*** Provided records ***

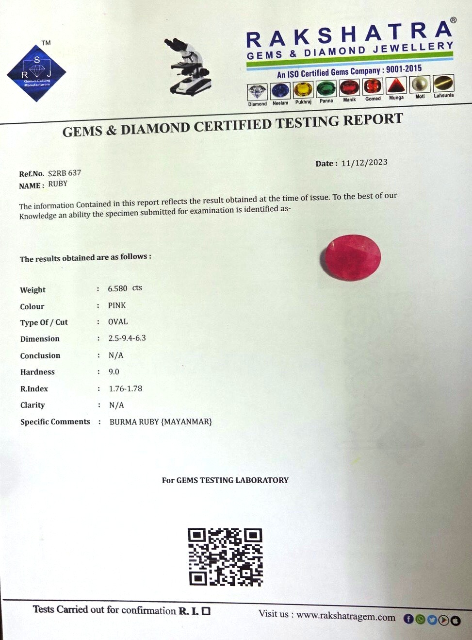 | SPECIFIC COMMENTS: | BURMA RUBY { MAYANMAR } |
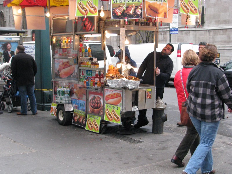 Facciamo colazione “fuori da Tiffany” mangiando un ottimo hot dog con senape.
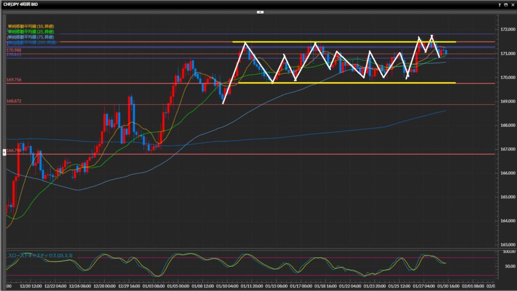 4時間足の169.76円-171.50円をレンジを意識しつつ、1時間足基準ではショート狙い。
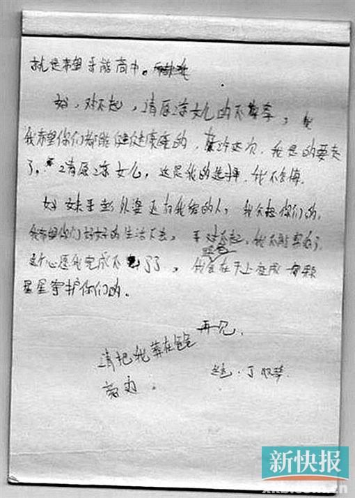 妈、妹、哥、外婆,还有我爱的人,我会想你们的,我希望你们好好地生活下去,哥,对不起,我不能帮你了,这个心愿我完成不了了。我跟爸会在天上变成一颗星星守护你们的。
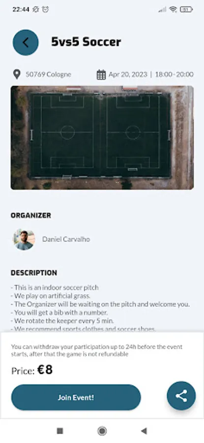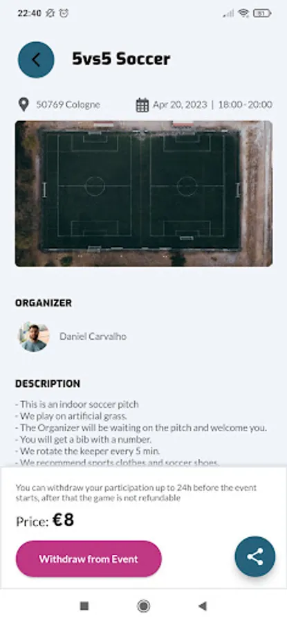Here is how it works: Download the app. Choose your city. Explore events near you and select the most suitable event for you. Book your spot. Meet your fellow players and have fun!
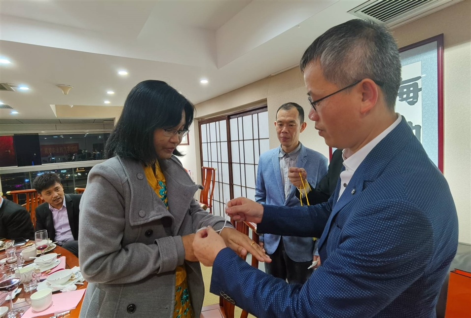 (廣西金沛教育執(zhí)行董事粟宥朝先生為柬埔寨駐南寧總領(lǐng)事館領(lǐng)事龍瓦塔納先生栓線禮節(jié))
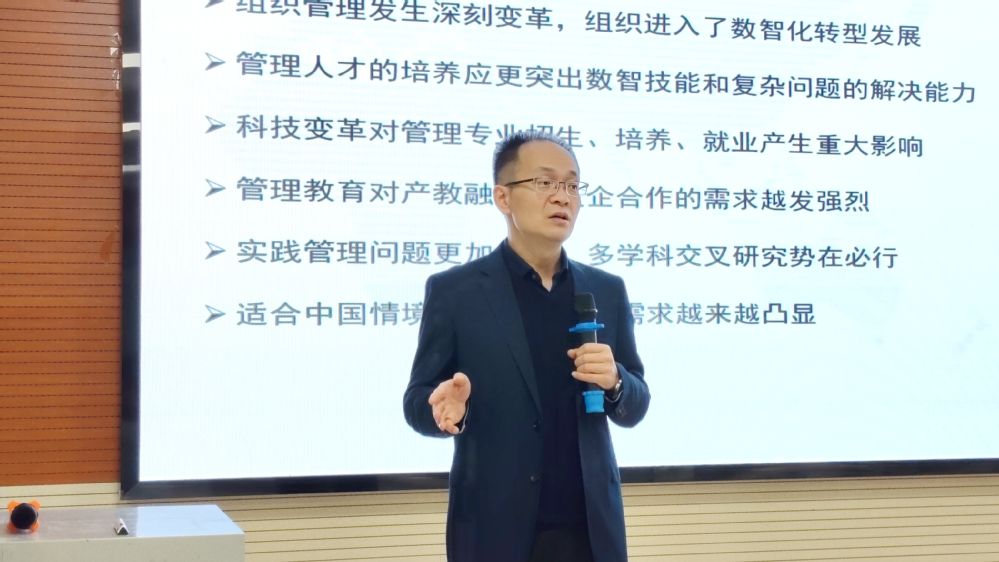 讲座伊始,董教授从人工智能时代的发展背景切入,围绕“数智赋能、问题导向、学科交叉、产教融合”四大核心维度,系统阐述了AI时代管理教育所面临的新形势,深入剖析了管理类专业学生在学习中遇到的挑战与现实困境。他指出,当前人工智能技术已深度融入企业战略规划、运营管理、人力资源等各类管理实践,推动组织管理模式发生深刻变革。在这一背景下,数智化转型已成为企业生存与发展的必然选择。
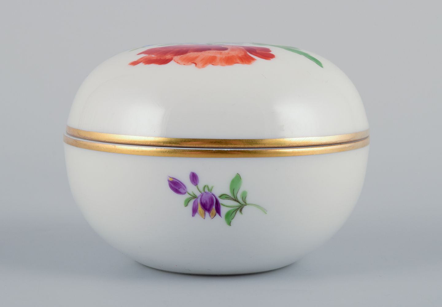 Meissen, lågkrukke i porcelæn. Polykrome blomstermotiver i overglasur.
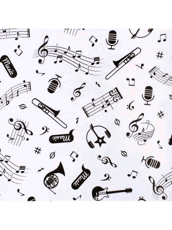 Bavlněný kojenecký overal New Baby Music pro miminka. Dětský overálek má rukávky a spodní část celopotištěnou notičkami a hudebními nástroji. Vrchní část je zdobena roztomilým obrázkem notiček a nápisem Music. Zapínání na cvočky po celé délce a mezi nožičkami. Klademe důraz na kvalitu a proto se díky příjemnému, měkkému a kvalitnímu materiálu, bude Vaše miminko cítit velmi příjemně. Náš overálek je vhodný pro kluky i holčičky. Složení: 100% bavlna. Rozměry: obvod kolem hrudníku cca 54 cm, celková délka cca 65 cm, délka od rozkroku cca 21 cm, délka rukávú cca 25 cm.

*** End of Provided records ***

--- What the task requires ---
Everything above from the line containing "dog con senape." through the line containing "Meissen, lågkrukke i" must be repeated exactly, and the pictures must be left out.

--- Response to this exercise ---
 Facciamo colazione “fuori da Tiffany” mangiando un ottimo hot dog con senape.
 4時間足の169.76円-171.50円をレンジを意識しつつ、1時間足基準ではショート狙い。
 妈、妹、哥、外婆,还有我爱的人,我会想你们的,我希望你们好好地生活下去,哥,对不起,我不能帮你了,这个心愿我完成不了了。我跟爸会在天上变成一颗星星守护你们的。
Here is how it works: Download the app. Choose your city. Explore events near you and select the most suitable event for you. Book your spot. Meet your fellow players and have fun!
 (廣西金沛教育執(zhí)行董事粟宥朝先生為柬埔寨駐南寧總領(lǐng)事館領(lǐng)事龍瓦塔納先生栓線禮節(jié))
 讲座伊始,董教授从人工智能时代的发展背景切入,围绕“数智赋能、问题导向、学科交叉、产教融合”四大核心维度,系统阐述了AI时代管理教育所面临的新形势,深入剖析了管理类专业学生在学习中遇到的挑战与现实困境。他指出,当前人工智能技术已深度融入企业战略规划、运营管理、人力资源等各类管理实践,推动组织管理模式发生深刻变革。在这一背景下,数智化转型已成为企业生存与发展的必然选择。
 Meissen, lågkrukke i porcelæn. Polykrome blomstermotiver i overglasur.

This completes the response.